Sorry about the screw-up. I’ve added your name to my “trusted senders” list so my e-mail program will never mistake your words for spam again.

Let me field your objections one by one.

You reject my characterization of the Times story as an underfunded agency genre piece, insisting that it’s really about the “drastic reallocation of priorities under the 1992 formula. …”

I disagree on a couple of fronts.

To begin with, the formula you refer to was specifically set up to prevent “reallocation.” As your piece reports, the pharmaceutical industry worried that if it started paying the FDA millions in user fees to speed new-drug review, the agency would merely dump the money into its general budget. The formula committed the government to spending the user fees on new-drug review only and to continue supporting new-drug review with taxpayer funds at 1992 (and then later 1997) levels—in other words, it blocked the FDA from reallocating priorities. As the Times article states, “the industry promised to give the agency millions—in the 2003 fiscal year, $200 million—but only if the agency spent a specified level of money on new drug approvals.”

The next sentence supports my notion that the story is really about underfunding: “As Congressional support sank since then, the agency has cut everything else but new drug reviews. In the past 11 years, spending on the reviews has increased to more than four-fifths of the budget of the agency’s drug center from about half.” If the sinking of congressional support doesn’t qualify as underfunding, I don’t know what does.

The journalistic language that signifies underfunding peppers the piece.

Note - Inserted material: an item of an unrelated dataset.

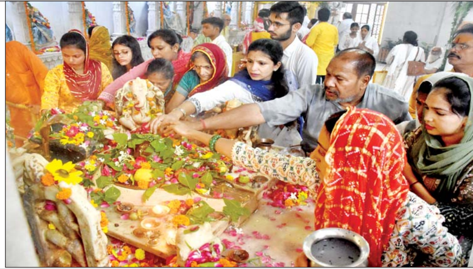
दूसरे सोमवार पर भगवान शिव की पूजा करते भक्तगण

Your reporter writes of the “slashing of laboratories,” of laboratories “starved” of new equipment or “shut down.” Programs have “gotten squeezed” or “ended,” and financial constraints have forced the agency to cancel collaborations with academic drug-safety experts. We learn that one drug-safety project got funded only because the “agency has raided furniture and travel budgets,” that new-drug reviews receive ample funding for travel and training but the drug-safety division got “two thirds less, which keeps most at home,” and that “Congressional financing has lagged the agency’s escalating payroll costs.” Your reporter quotes an FDA report that laments that the FDA isn’t adequately funded to collect reports of problems with drugs on the market.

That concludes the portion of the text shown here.